Some assembly required

This blog is about unimplemented ideas. At least until they get ticked off; I suppose a few eventually will have implementations too, but fresh posts never will. Because that's the primary purpose of this blog: keeping track of ideas I'd like to dive into, or problems I'd like to see solved. Feel free to join me in implementing, or further developing these ideas. I don't mind working solo, but it's a whole lot more fun working in concert!
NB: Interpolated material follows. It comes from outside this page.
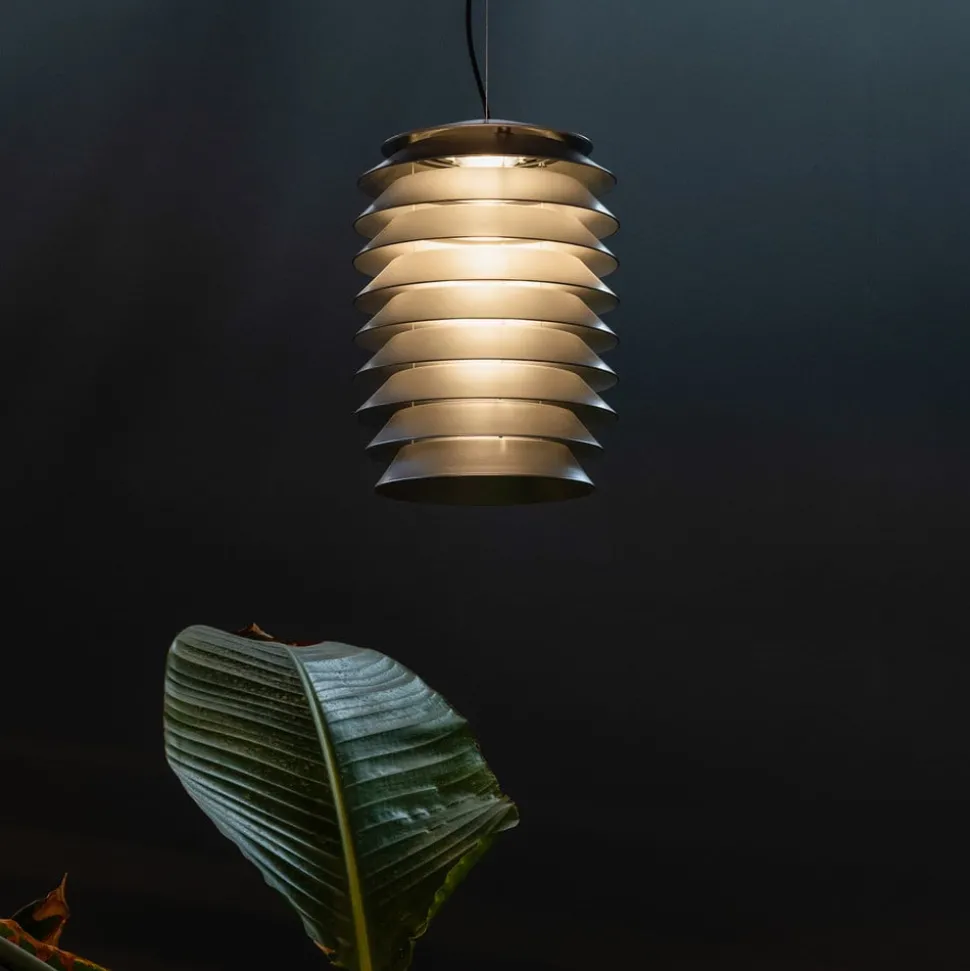 Slicing LED-pendel – behagelig allroundbelysning for uteområder Lamelldesignet i aluminium kjennetegner både utseendet og lyseffekten til Slicing LED-pendel. På innsiden er det integrert en LED-lyskilde som avgir et behagelig varmhvitt lys med god fargegjengivelse (CRI 90). Lamellene skjermer lyset fra sidene og lar det trenge indirekte inn i omgivelsene gjennom spaltene. Slicing er ideell for undergrunnsbaner, uteserveringer og foajeer i hotell- og næringsbygg. Pendelarmaturen er designet av Bjarke Ingels Group. Denne internasjonale sammenslutningen av designere og arkitekter er dedikert til progressiv bygg- og byutvikling. Artemide, en anerkjent italiensk produsent, er ansvarlig for produksjonen av pendellampen.

Saturday, January 27, 2007

Track changed URLs via subversion

Problem:

Online resources don't provide a standardized way of tracking changes, much less one well integrated with feed readers and other technology suited for news coverage.

Solution:

Setup an agent that polls tracked URLs for changes, committing any changes to a subversion repository. Provide feeds, linking to diffs and noting their sizes.

Elevator pitch:

Ever tried to track changes to some online API, TOS or similar, by hand? Of course not; it's way too messy and too much laboursome work. And there are just too many of them, anyway; staying on top of each is impossible. It's not a task for humans.
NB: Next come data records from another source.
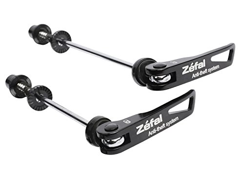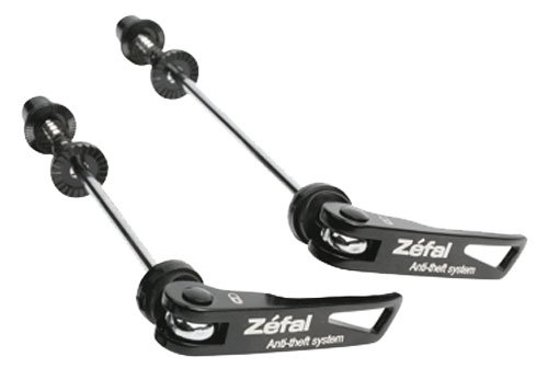 ReleaseDate : 2008-12-12 Studio : Zefal Publisher : Zefal Binding : Sports Product Description Skewer set for front and rear wheel. Prevents theft of wheels while bike locked up. Bike must be flipped upside down to unlock. Patented system keeps skewer from being turned to open. 0
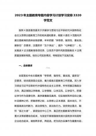2023年主题教育专题内容学习计划学习安排3320字范文按照X国资委党委关于开展学习贯彻习近平新时代中国特色社会主义思想主题教育工作的相关通知要求,根据X委在X范围内开展主题教育的具体安排部署,牢牢把握“学思想、强党性、重实践、建新功”总要求,注重抓好“五个突出”、提升“七种能力”,扎实推进X企主题教育各项任务,以党员干部作风新面貌推动X企高质量发展新局面。结合公司实际情况,特制定如下实施方案。一、总体要求全面落实中央主题教育“学思想、强党性、重实践、建新功”总要求,结合国资国企实际,着力提高主...
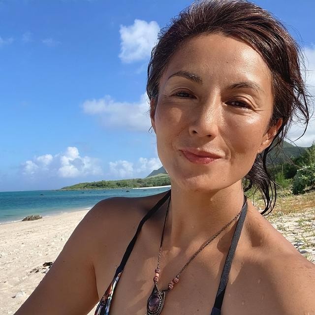 这是因为她住在海边,为了保护海洋环境不抹防晒霜,还喜欢潜水,所以苍老的比较快。这和工藤静香一样,她喜欢冲浪。
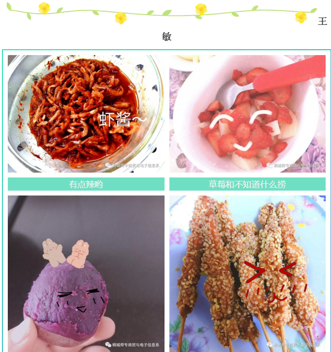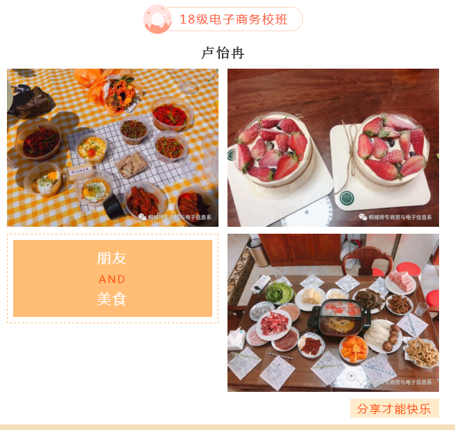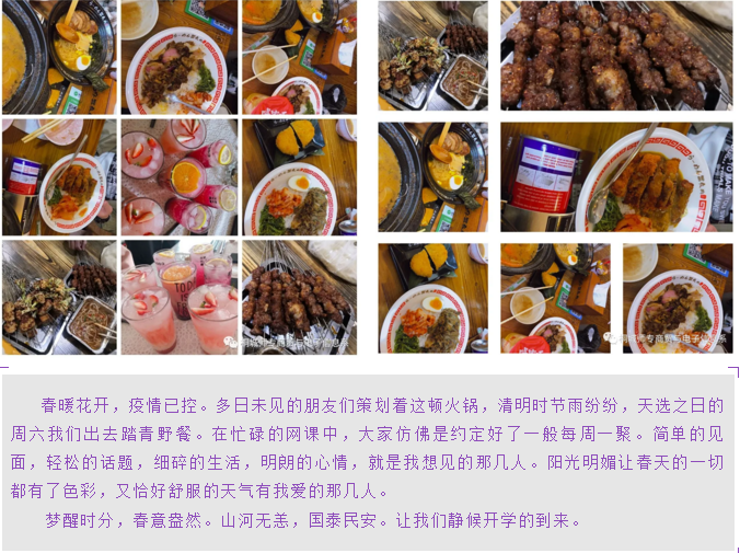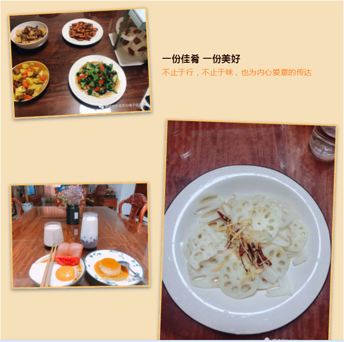 “庚子鼠年,卻不一般,疫情來襲,全民抗戰。”2020年突如其來的一場疫情,打亂了全中國14億人的生活。不少同學已經顛覆了之前的作息習慣,陷入了一日複一日的惡性循環。因此,我係開展了“分享生活 拉近距離”的活動,分享自己的快樂的事。比如:曬曬自己的廚藝、幫助父母勞動的場景、曬曬自己在某處遇見的風景等等。分享好的生活習慣影響著每個同學的生活方式、行為規範、價值理念和理想信念。拉近关键词2彼此之間的距離,分享彼此快樂的事。

Ever thought of how neat it would be if you could just point some automated agent at your URL of choice, whenever you find the need, and have it magically track that URL, commiting new changes, once they appear, to a subversion repository?
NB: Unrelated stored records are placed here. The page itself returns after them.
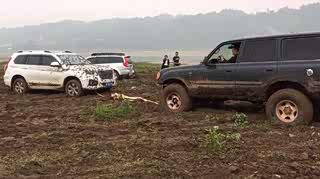 丰田LC100烂泥中救援哈弗H9,却没想到力气太大
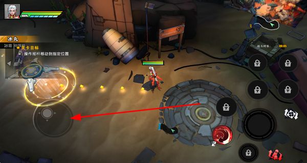 2、進(jìn)入關(guān)卡后操作搖桿控制角色移動,前往指定位置拾取武器,完成關(guān)卡的移動目標(biāo),推進(jìn)關(guān)卡流程。
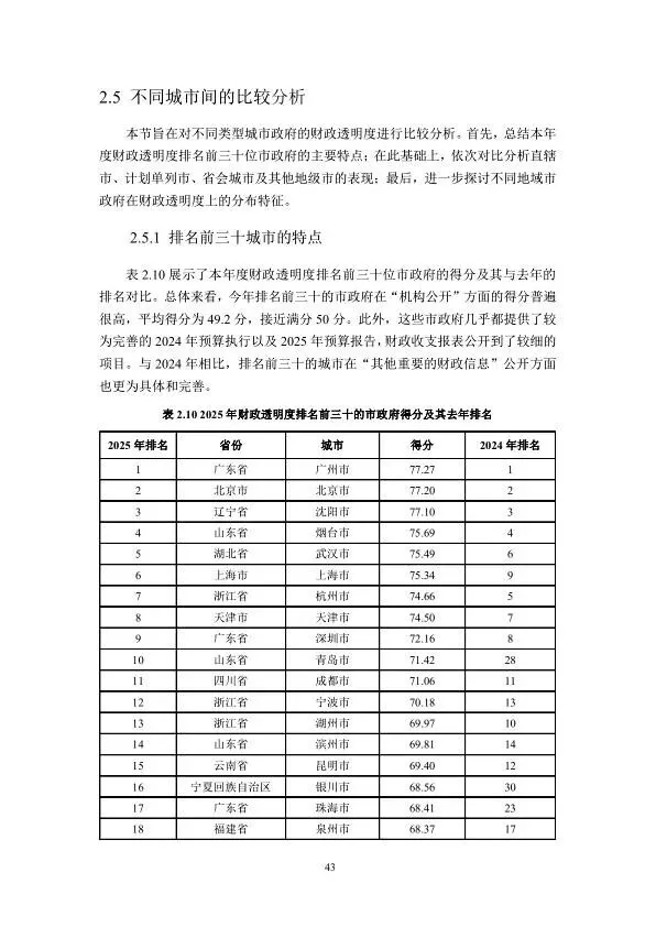 2025 年中国市级政府财政透明度研究报告
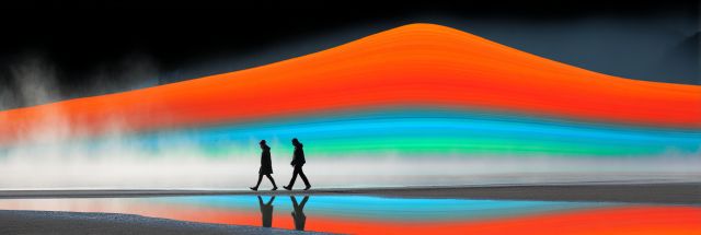 Amidst the enchanting landscapes of Spotted Lake in British Columbia, two figures emerge, silhouetted against a blazing horizon that painterly blends fiery oranges with cool, tranquil blues. This spectacular canvas captures a moment of human connection within an almost surreal, dreamlike natural wonder known for its mystical mineral formations. As each jogger strides forward, their reflections ripple crisply on the water’s surface, mirroring their movement and the vibrant skies above. This striking visual juxtaposition not only highlights the unique biochemical phenomena of the lake but also echoes the vibrant spirit of adventure that defines the region. The scene evokes a sense of boundless freedom and the transient beauty of human interaction with nature, brought to life through a spectrum that suggests the otherworldly vistas of a burning man festival. This artwork seduces the viewer into a narrative that transcends the ordinary—a celebration of color, movement, and the ephemeral intersections of man with the majestic landscapes of Canada.
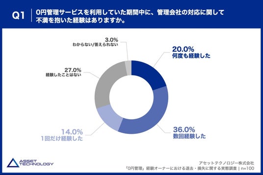 「Q1. 0円管理サービスを利用していた期間中に、管理会社の対応に関して不満を抱いた経験はありますか。」(n=100)と質問したところ、「何度も経験した」が20.0%、「数回経験した」が36.0%という回答となりました。
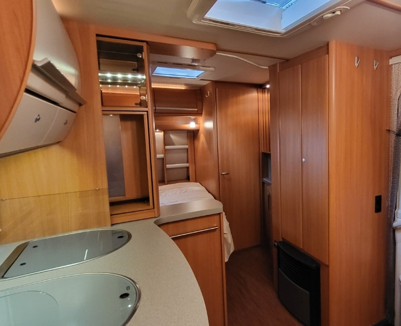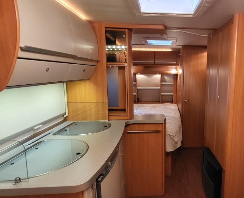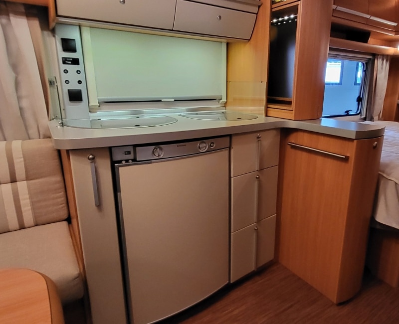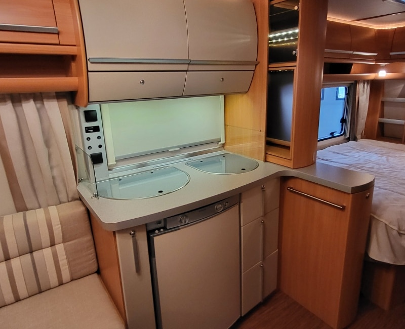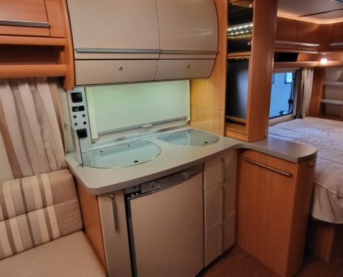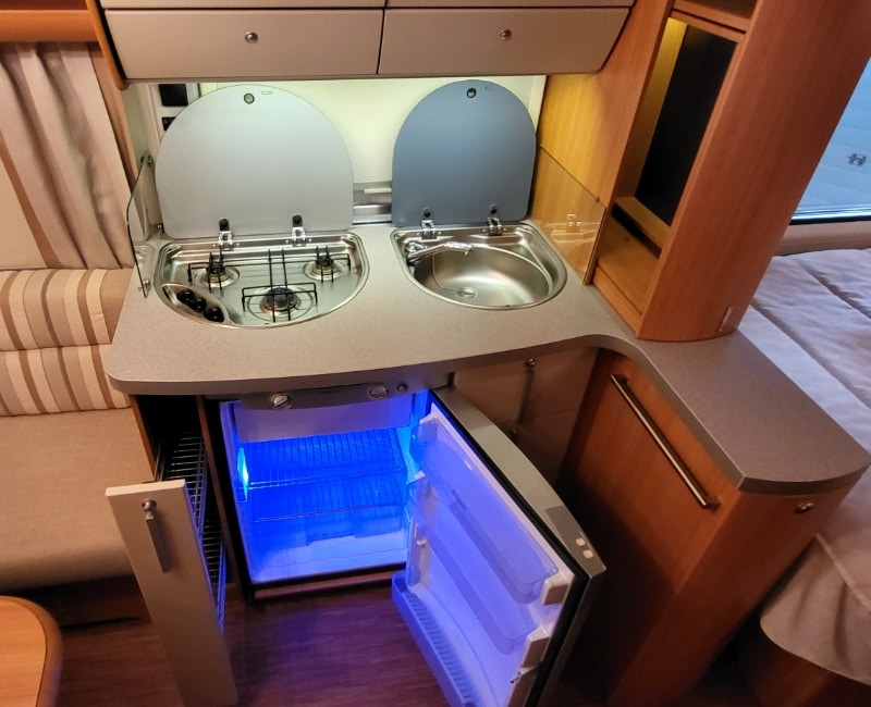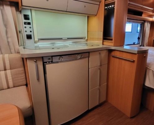 Keuken bevindt zich in het midden van de caravan en is voorzien van een koelkast met vriesvak en een apothekerskast. Spoelbak en een kookstel met 3-gaspitten is ook aanwezig.

Get a changes timeline you can tune in to instead, to peruse the diffs at your leisure? Well, that is the basic idea of this service. Coupled with feeds for your feed reader, of course, so you can forget about them all, while nothing happens, and be alerted, the times when there is some action.

Without having to opt in on lots of blogs and the like, who may or may not announce the news, and who will most certainly not announce these news in any standard format easy to discover and digest. See, that's what you need Swwwoon for.

Method:

Per host, or perhaps otherwise intelligently grouped cluster of URLs, iterate:

New URL:

  1. Fetch URL and Content-type header

  2. Store as ${repository}/${URL hostname}/${URL path}

  3. svn propset svn:mime-type ${Content-type} ${path}

Old URL:

  1. Fetch URL and Content-type header

  2. Update file contents and mime-type in working copy.

  3. svn diff ${path} | format_commit_message

svn ci -m ${commit message} ${paths}

Requirements:

  • Interface to add an URL to track (web page, bookmarklet)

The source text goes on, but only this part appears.